▸ **TASK BRIEF**
Print only the lines below from the one with "その際に人工芝の種類を見ていただき選んでいただけます。" to the one with "Коробка выполнена в", both included, exactly as they stand. Leave pictures out.

▸ **SUPPLIED MATERIAL**
- - - - - - -
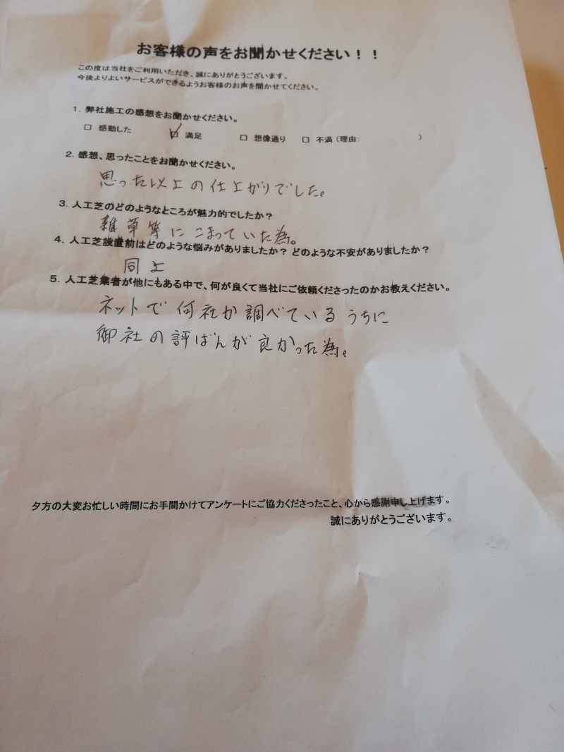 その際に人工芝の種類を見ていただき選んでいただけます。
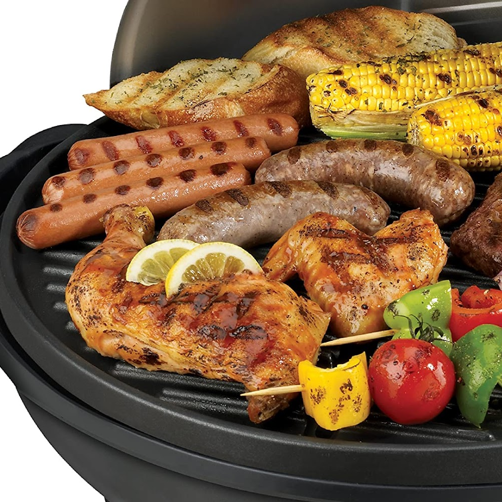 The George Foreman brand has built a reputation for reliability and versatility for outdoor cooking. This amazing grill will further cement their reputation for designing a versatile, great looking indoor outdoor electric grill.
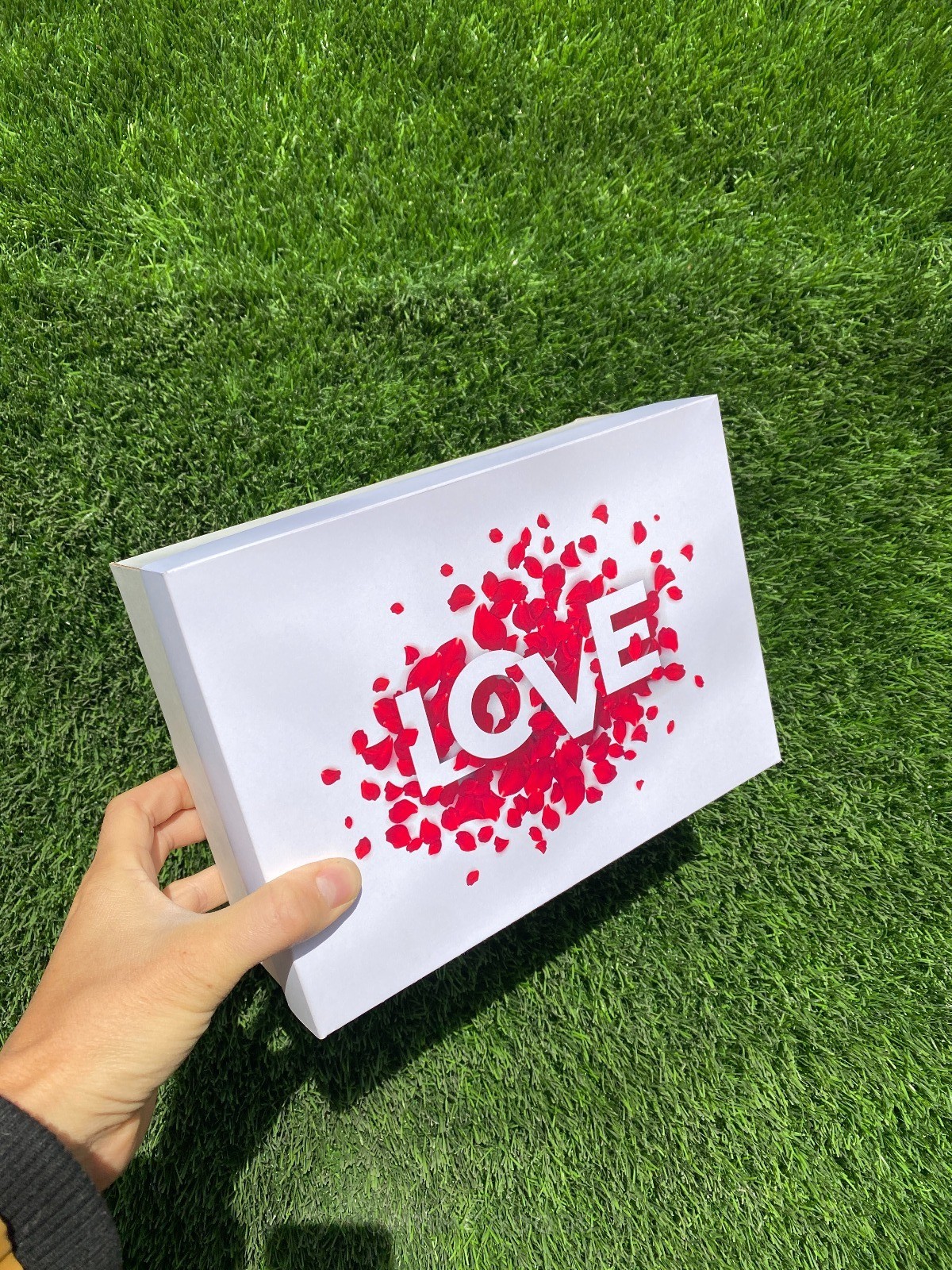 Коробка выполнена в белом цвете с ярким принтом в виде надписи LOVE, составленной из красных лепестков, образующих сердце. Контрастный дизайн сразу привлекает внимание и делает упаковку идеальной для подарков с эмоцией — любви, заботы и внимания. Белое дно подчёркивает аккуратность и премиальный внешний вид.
- - - - - - -
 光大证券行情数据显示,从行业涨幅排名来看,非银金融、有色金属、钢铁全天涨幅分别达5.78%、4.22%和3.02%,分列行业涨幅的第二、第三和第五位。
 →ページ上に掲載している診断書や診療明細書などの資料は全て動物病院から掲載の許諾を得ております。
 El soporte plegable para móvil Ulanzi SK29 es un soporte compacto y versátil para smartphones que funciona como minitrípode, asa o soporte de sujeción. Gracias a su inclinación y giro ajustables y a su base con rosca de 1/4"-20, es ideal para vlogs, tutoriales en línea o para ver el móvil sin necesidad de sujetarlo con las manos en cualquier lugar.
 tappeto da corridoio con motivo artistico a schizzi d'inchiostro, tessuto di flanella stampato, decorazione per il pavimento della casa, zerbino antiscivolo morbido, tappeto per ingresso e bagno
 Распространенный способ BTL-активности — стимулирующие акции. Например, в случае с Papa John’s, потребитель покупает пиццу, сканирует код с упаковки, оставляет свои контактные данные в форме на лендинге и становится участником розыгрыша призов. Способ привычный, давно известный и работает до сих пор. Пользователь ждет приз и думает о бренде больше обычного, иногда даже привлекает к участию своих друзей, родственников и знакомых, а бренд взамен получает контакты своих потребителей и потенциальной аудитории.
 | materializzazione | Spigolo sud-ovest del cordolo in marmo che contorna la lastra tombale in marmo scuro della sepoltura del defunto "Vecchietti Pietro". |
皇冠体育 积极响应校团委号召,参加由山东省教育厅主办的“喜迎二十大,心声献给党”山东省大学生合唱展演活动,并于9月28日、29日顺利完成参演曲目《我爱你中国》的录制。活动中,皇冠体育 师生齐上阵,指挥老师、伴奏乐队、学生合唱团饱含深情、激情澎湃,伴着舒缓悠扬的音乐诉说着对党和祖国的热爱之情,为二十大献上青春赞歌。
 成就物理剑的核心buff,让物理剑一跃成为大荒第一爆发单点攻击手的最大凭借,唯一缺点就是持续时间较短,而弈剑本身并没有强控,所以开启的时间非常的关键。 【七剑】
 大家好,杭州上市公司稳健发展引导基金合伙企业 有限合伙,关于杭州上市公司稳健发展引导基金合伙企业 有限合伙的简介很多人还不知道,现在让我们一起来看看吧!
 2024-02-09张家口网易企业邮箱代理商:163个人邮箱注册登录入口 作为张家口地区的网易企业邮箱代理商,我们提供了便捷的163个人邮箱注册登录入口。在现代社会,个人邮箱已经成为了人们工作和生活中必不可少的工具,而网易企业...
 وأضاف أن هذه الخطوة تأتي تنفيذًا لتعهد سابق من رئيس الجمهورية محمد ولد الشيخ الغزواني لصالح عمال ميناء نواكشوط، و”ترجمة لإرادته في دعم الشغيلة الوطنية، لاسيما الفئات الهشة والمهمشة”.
- - - - - - -
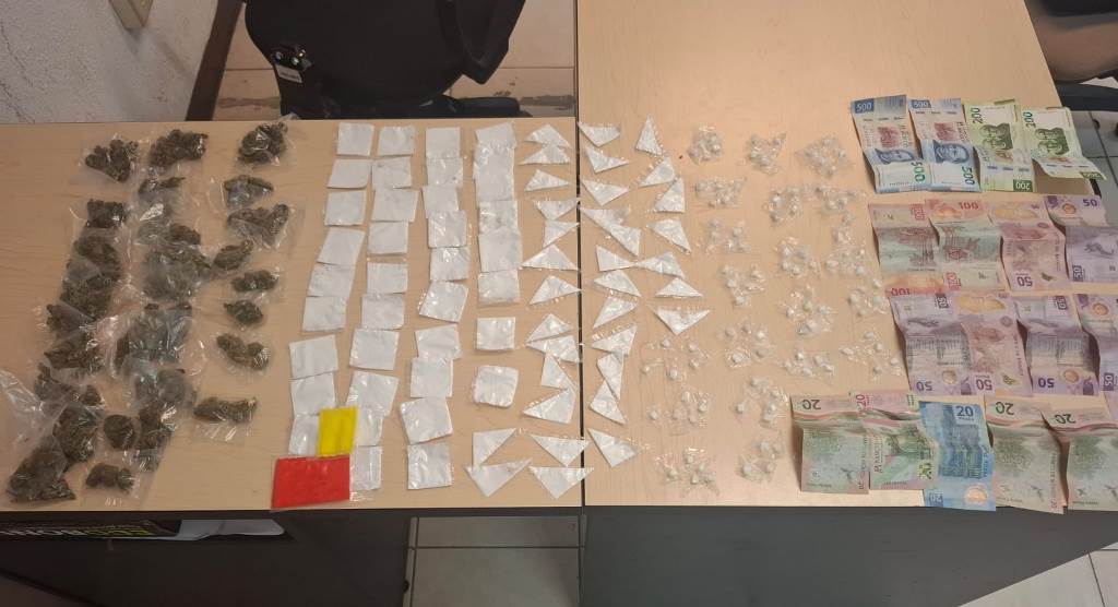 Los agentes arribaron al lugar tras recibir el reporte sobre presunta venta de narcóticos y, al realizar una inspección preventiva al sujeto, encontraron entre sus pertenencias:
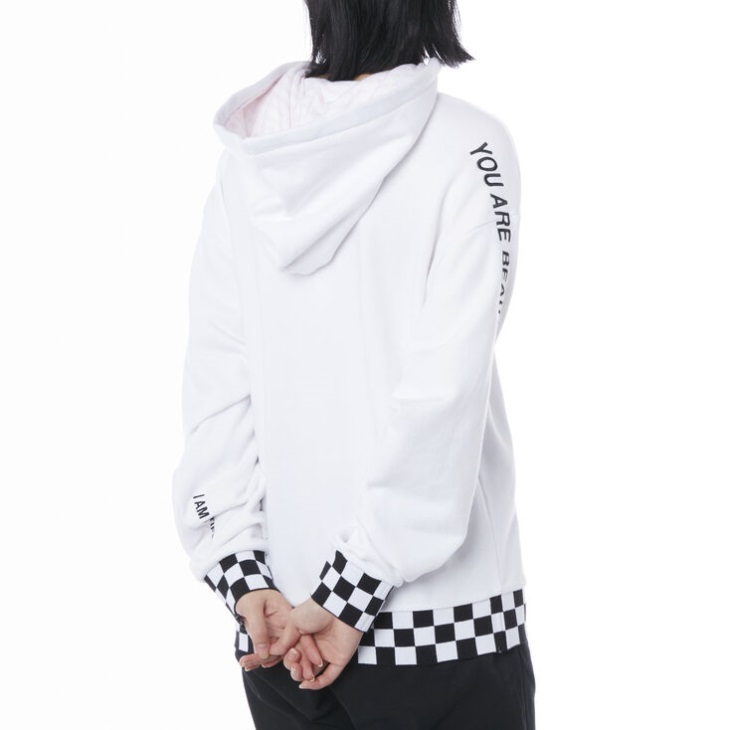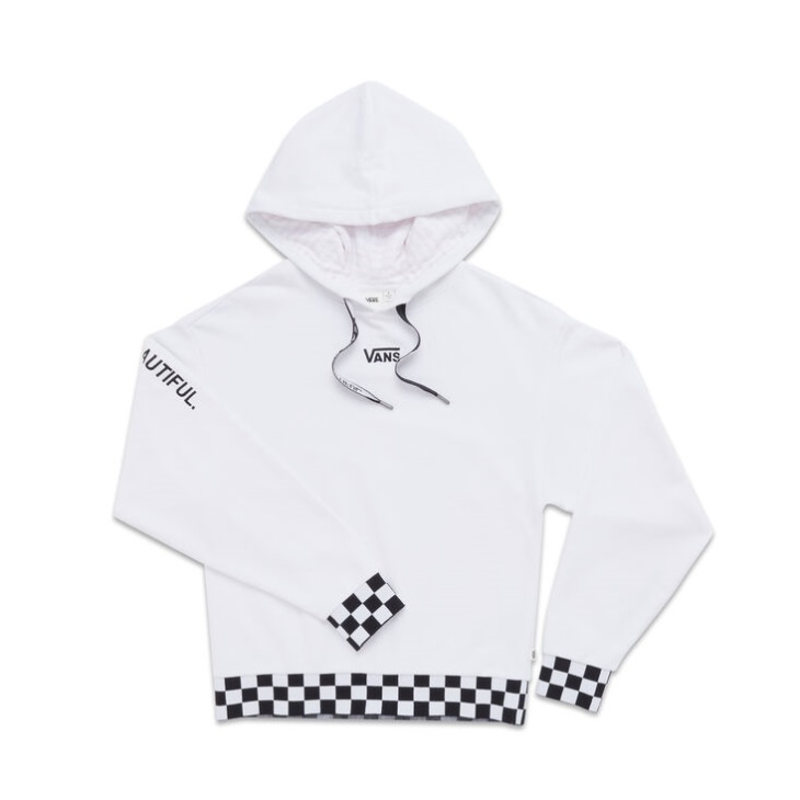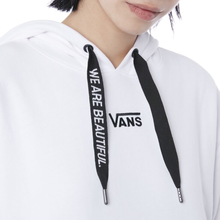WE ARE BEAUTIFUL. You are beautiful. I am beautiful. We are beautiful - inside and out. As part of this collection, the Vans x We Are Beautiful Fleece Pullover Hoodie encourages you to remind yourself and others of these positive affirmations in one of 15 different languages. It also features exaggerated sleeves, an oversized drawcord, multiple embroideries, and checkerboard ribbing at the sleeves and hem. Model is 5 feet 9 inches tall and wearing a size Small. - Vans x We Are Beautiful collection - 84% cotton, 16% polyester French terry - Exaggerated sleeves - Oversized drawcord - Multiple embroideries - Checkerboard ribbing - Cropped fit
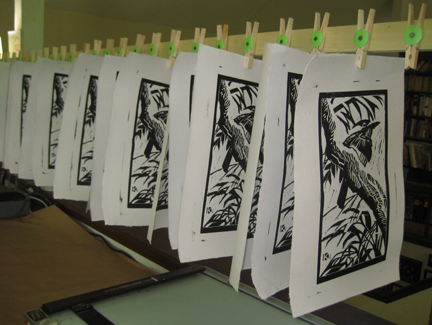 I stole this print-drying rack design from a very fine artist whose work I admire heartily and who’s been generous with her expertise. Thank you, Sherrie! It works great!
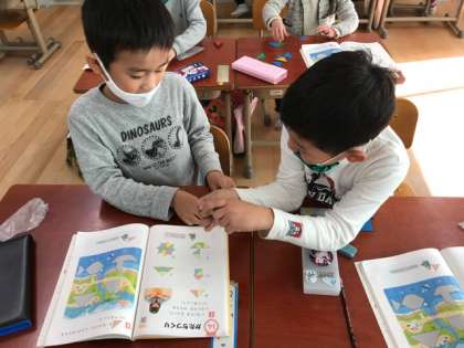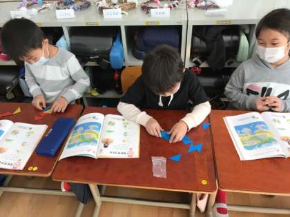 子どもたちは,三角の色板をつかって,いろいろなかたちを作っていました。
- - - - - - -
▸ **WRITTEN SOLUTION**
 その際に人工芝の種類を見ていただき選んでいただけます。
 The George Foreman brand has built a reputation for reliability and versatility for outdoor cooking. This amazing grill will further cement their reputation for designing a versatile, great looking indoor outdoor electric grill.
 Коробка выполнена в белом цвете с ярким принтом в виде надписи LOVE, составленной из красных лепестков, образующих сердце. Контрастный дизайн сразу привлекает внимание и делает упаковку идеальной для подарков с эмоцией — любви, заботы и внимания. Белое дно подчёркивает аккуратность и премиальный внешний вид.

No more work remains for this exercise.